Crucially, many of them were at the top of the tree. Even if John Major had been less of a pragmatist, determined to keep the UK at (or at least near) 'the heart of Europe', reversing thirty or so years of British policy would have been impossible unless he'd been prepared to risk the resignations of his Deputy Prime Minister, Michael Heseltine, and his Chancellor, Ken Clark.
Nowadays, there are no such constraints. A combination of generational replacement and constituency associations unwilling even to consider candidates who are anything other than thoroughgoing Eurosceptics has ensured that the parliamentary party led by David Cameron is not only overwhelmingly opposed to further integration, but contains front- as well as back-benchers who believe that Britain would ultimately be 'better off out'.

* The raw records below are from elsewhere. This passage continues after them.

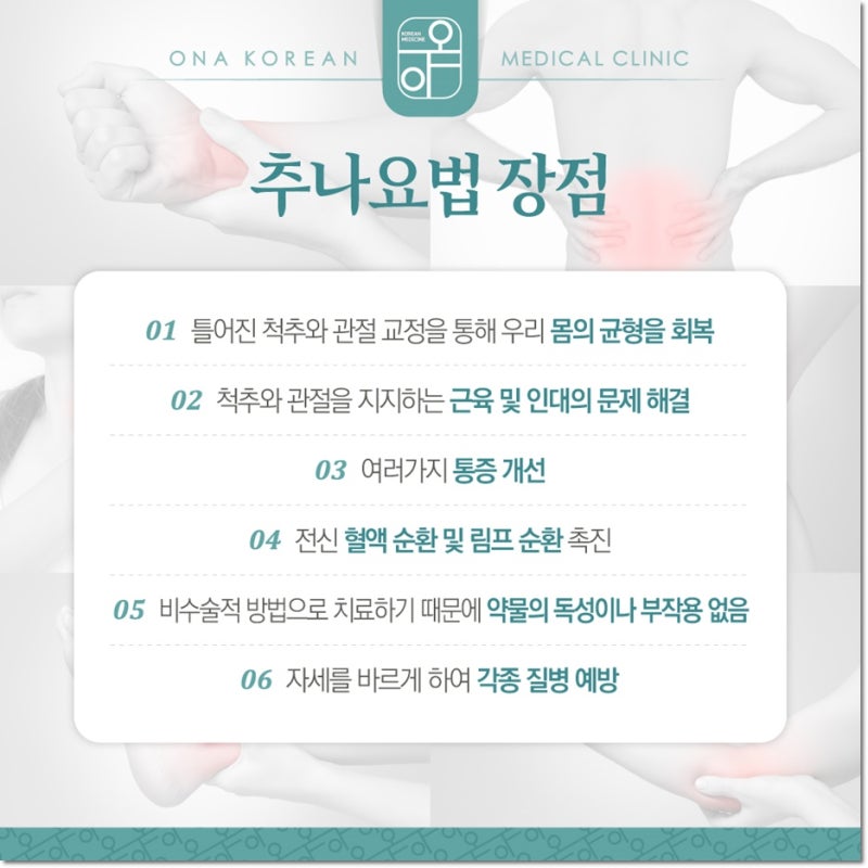 수명이 늘어나면서 혹은 잘못된 자세, 운동 부족, 스트레스 등으로 만성 통증에 시달리는 분들이 늘고 있습니다.오늘은 이렇게 다양한 통증을 겪고 계신 분들께 한 가지 치료 방법을 알아보도록 하겠습니다. 그것은 침 치료입니다!
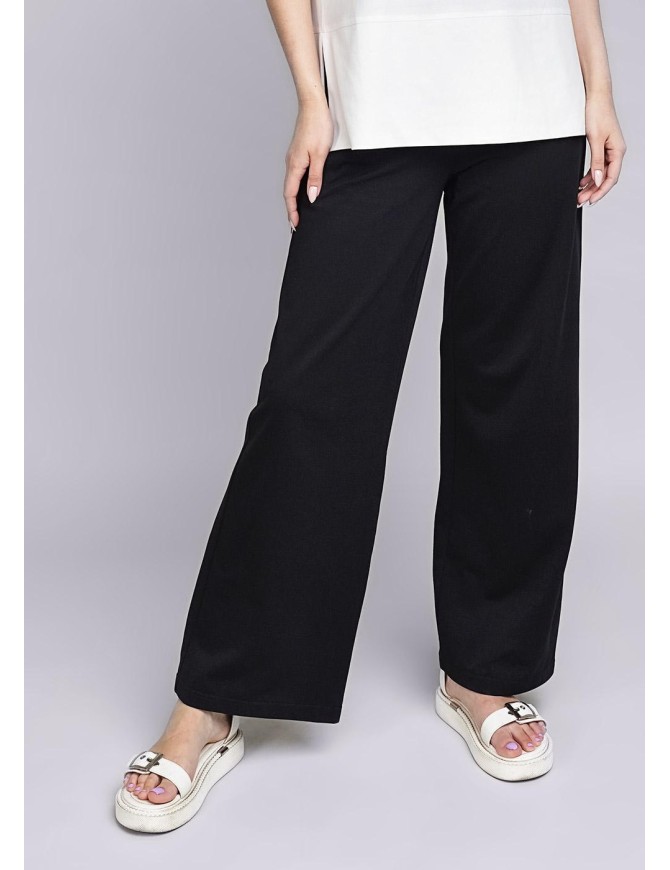 Женские широкие брюки из ткани пике на поясе с внутренней резинкой. Модель выполнена из прочного, износостойкого полотна, которое хорошо тянется, не теряет цвет и форму даже после многих стирок. Брюки дополнены по поясу фирменной нашивкой. Легкие брюки отлично сочетаются с любым верхом, будь то футболка, джемпер или майка.
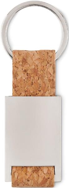 Metalowy prostokątny brelok do kluczy z korkową taśmą. Korek jest materiałem w 100% naturalnym.
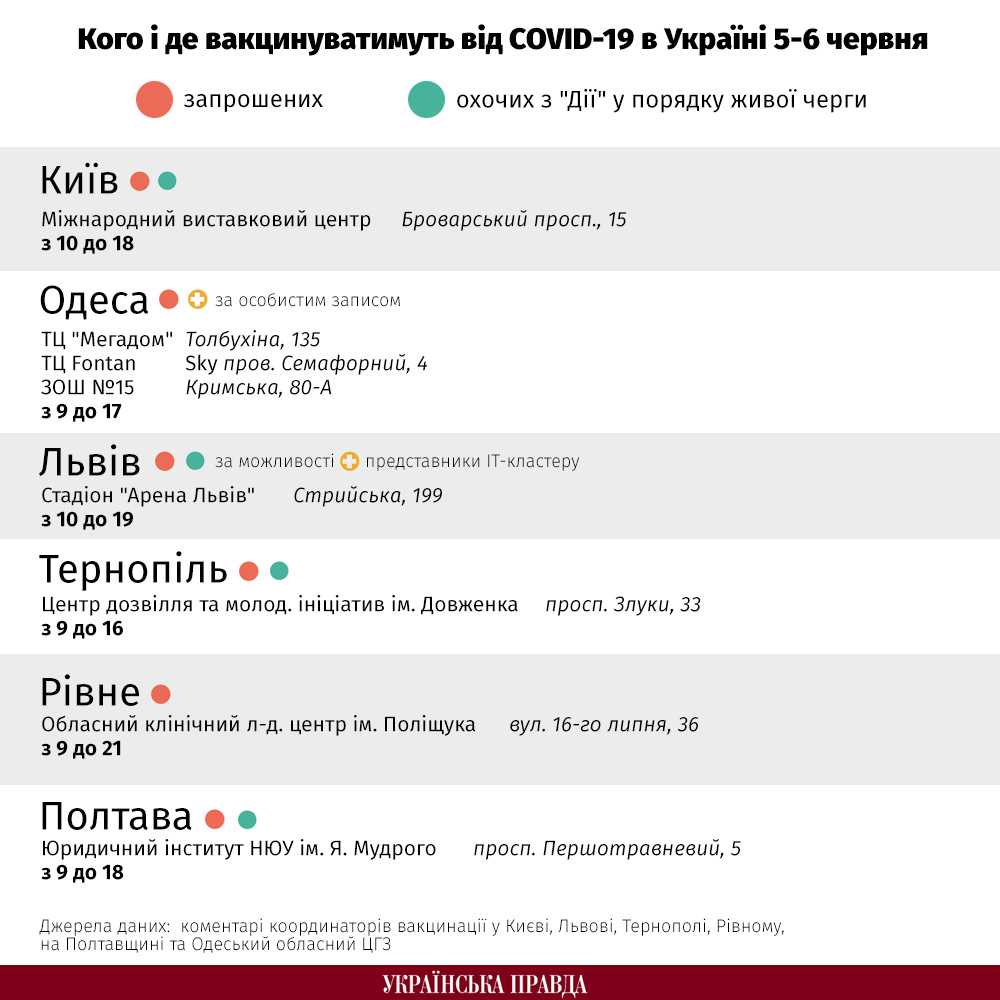 - 29 мая в Центре вакцинации от COVID-19 в Международном выставочном центре в Киеве начали вакцинацию людей, которые записались на прививку через "Дію". При этом вакцинация происходила не только по предварительному согласованию, но и в формате живой очереди для всех, кто изъявил такое желание и имел соответствующую запись в прилодении "Дія".
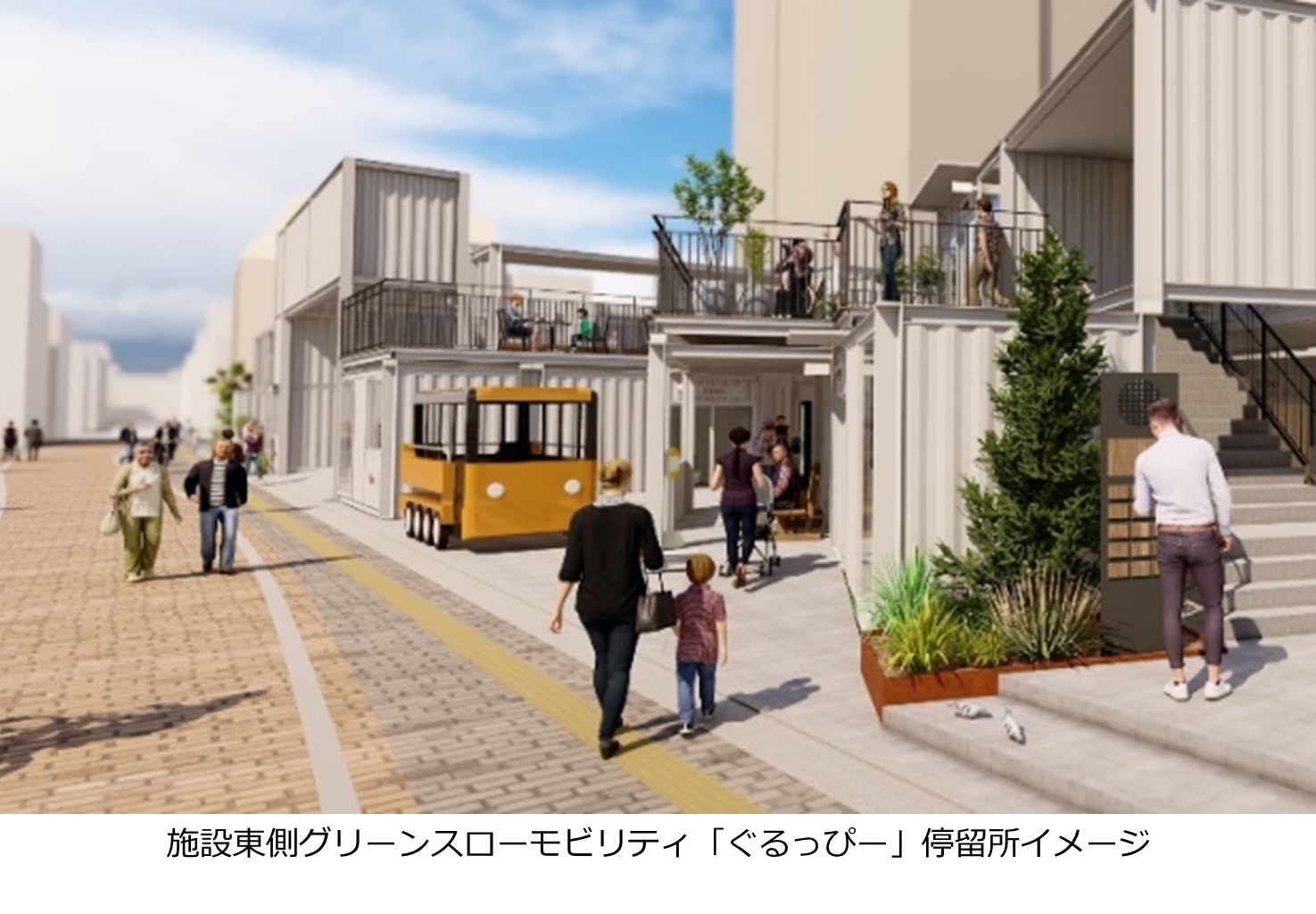 また、敷地内にはグリーンスローモビリティ「ぐるっぴー」の停留所を設け、ぐるっぴーを活⽤したウォーカブルな街づくりを促進します。
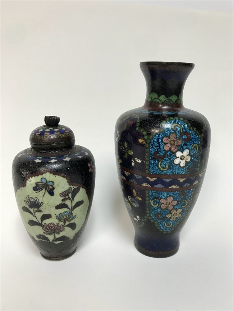 Small Antique Cloisonne Vase and Covered Jar
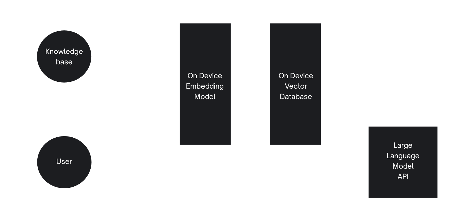 As the embedding models are significantly smaller, it is possible to have a hybrid model where the embedding model and vector database are on the user’s device, whereas the LLM is provided by a cloud API.
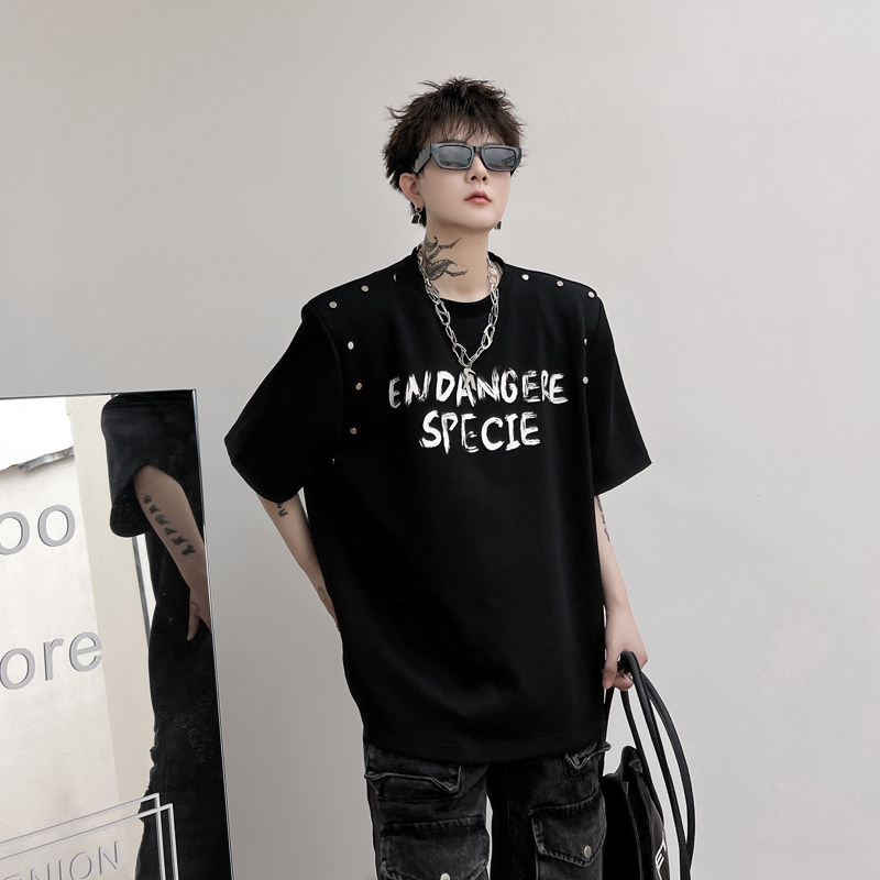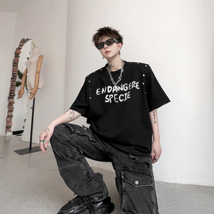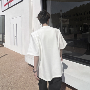 休闲痞帅半袖 t恤男垫肩韩版 上衣 小众高级感字母印花短袖 2024夏装

As a result, there is arguably fundamental mismatch between what the Conservative Party (and, to be fair, many voters) want and what the country needs. Mismatches like this have occurred plenty of times in the past - on the construction of the welfare state, the ending of corporal and capital punishment, on the introduction of equal rights for women, ethnic minorities and gay people, to name just two instances. But it has always been the genius (and the task) of Tory leaders to reconcile what Andrew Gamble, writing back in the early seventies, called "the politics of power" and "the politics of support."
At first (and indeed, second) glance, David Cameron would appear to be cut from the same cloth as, say, Stanley Baldwin or (even more so) Harold Macmillan - a sensible, small-c conservative, prepared to adjust to the world as it is rather than his more zealous supporters would like it to be, and therefore capable of reconciling what it takes to win elections and what it takes to run the country.
But Cameron has a problem that neither of those leaders had to face, namely an iconic predecessor who insisted on a Conservatism capable of distinguishing between those who were 'one of us' and those who were not.
As a consequence, the Conservative Party has turned from a church (and a pretty broad one at that) into something resembling a sect - choosey about its adherents, insisting on loyalty to fixed principles, equating compromise with weakness, even treachery.
Instead of being allowed to lead because they had risen to the top of a hierarchy where, as long as they delivered electoral success, their authority was almost a given, Tory leaders must now daily demonstrate their fitness to rule, primarily by proving that they are every bit as ideologically-committed as their followers.
Previous generations of Tories were brought up to believe in rule by the best, not rule by the rest. But the triumph of individualism has, together with social mobility, done for that idea just as effectively as it has done for the idea of society as an organic whole supported by an active state. Nowadays, many new backbenchers believe they have as much wisdom, and as much right to be heard as, those at the top. And why not? After all, David Cameron himself took only four years to go from freshman MP to party leader.
This weekend's bust-up in Brussels is the logical outcome of these longer-term developments. It is also the product of a disconnect between what has become an article of faith for most Conservatives - the idea that anything coming out of the EU is inimical to Britain - and the reality that we are a medium-sized power whose trade and diplomacy is largely with continental Europe.
Just over 25 years ago, Neil Kinnock famously told the Labour Conference, "I'll tell you what happens with impossible promises. You start with far-fetched resolutions. They are then pickled into a rigid dogma, a code, and you go through the years sticking to that, out-dated, misplaced, irrelevant to the real needs". Doing this, he argued, would inevitably end in "grotesque chaos."
The idea that David Cameron has much to learn from Neil Kinnock will seem far-fetched, indeed laughable to most Conservatives, especially those who believe that they have scored a huge victory by 'wielding the veto'.
But on this kind of thing, the guy knew what he was talking about. Whatever else Kinnock did, he contributed mightily to re-instilling in his party the common sense that had deserted it and made it unfit to govern. Cameron failed to do this fully in opposition. It remains to be seen if he can do it in office.